Human cycles: History as science
To Peter Turchin, who studies population dynamics at the University of Connecticut in Storrs, the appearance of three peaks of political instability at roughly 50-year intervals is not a coincidence. For the past 15 years, Turchin has been taking the mathematical techniques that once allowed him to track predator–prey cycles in forest ecosystems, and applying them to human history. He has analyzed historical records on economic activity, demographic trends and outbursts of violence in the United States, and has come to the conclusion that a new wave of internal strife is already on its way.
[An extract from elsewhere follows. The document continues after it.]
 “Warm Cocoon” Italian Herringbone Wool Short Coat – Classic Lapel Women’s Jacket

The peak should occur in about 2020, he says, and will probably be at least as high as the one in around 1970. “I hope it won't be as bad as 1870,” he adds.But also see an opposing viewpoint from Maria Konnikova,
Humanities aren't a science. Stop treating them like one
Yes, we could say, we can predict this and avert that and explain this and understand that. But you know what? The cliodynamists, just like everyone else, will only know which cyclical predictions were accurate after the fact. Forgotten will be all of those that were totally wrong. And the analysts of myths only wait for the hits to make their point—but how many narratives that are obviously not based in reality have similar patterns?
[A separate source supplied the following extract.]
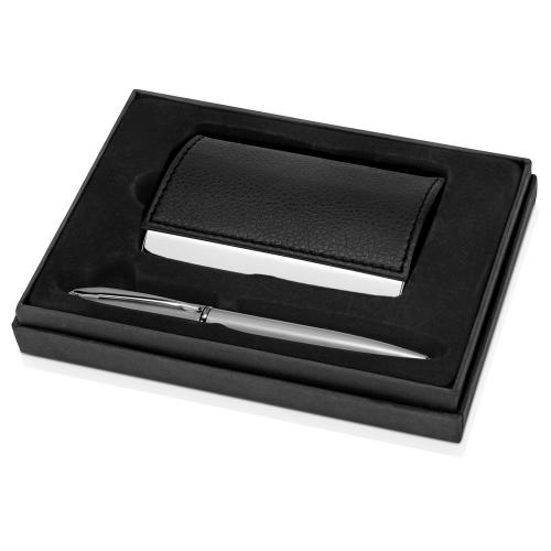 Набор из визитницы и ручки придется по вкусу деловому человеку, будь то клиент или сотрудник вашей компании. Визитница выполнена из качественного кожзама, а шариковая ручка имеет стильный пластиковый корпус – такой подарок будет оценен по достоинству!

We’re held back by those biases that plague almost all attempts to quantify the qualitative, selection on the dependent variable and post hoc hypotheses and explanations. We look at instances where the effect exists and posit a cause—and forget all the times the exact same cause led to no visible effect, or to an effect that was altogether different. It’s so easy to tell stories based on models. It’s so hard to remember that they are nothing more than stories. (It’s not just history or literature. Much of fMRI research is blamed for precisely that reason: if you don’t have an a priori hypothesis but then see something interesting, it’s all too tempting to explain its involvement after the fact and pretend that that’s what you’d meant to do all along. But the two approaches are not one and the same.)I particularly like the comparison with fMRI research.